I suspect this is moving around the issue at hand here because it's likely the murder hornets will target orchard bees as well. They just aren't conveniently located in giant boxes by the hundreds.
Orchard bees are domesticated and used as pollinators. They're solitary bees, which I'm guessing prevents usage for mass pollination of crops.
That being said there are lots of animals that can't be domesticated. Zebras are the classic example, being very similar to domesticated horses but are much more aggressive and unpredictable.
Yeah -- individual orchard bees are significantly more efficient, but an individual honeybee hive crams in tens of thousands of bees; you make it up on scale.
Honeybees also work well with mono-cropping because you can easily pick up and move the entire hive from massive field to massive field just in time for pollination. If you are relying on a wild bee population they'll do better when they have lots of plants in bloom across a wide spectrum of time so they have a chance to build up their population before the major blooms eg the orchard you want pollinated. Otherwise you run the risk of only have a small bee population that can't fully take advantage of (and pollinate) the suddenly massive resource glut of several square miles of orchards suddenly in bloom at once.
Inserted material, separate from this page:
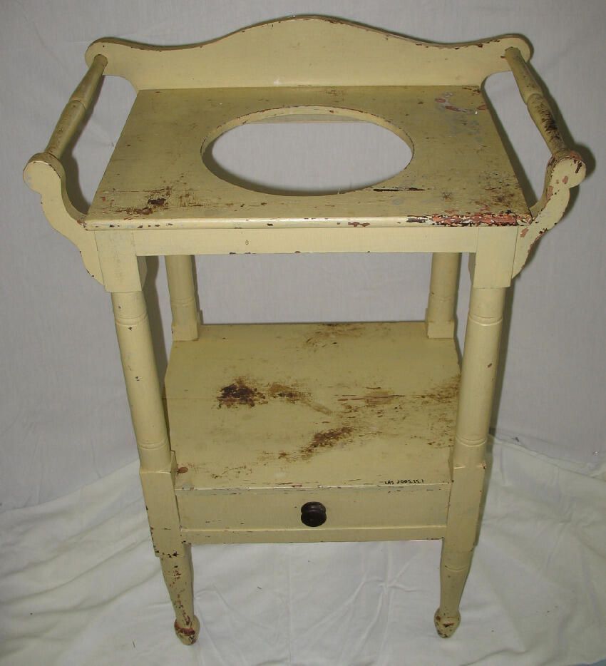 Painted wooden washstand with two towel racks, hole for bowl and one lower shelf

> That being said there are lots of animals that can't be domesticated. Zebras are the classic example, being very similar to domesticated horses but are much more aggressive and unpredictable.
Interestingly, we have records of contemporary impressions of tarpans and aurochs, back when they weren't extinct. They tended to be described in terms like "absolutely untamable".
Well, neither are most of the crops the Europeans started growing in America. They brought everything from apple species to wheat.
Not all of these are self-pollinating, so they had to bring bees too.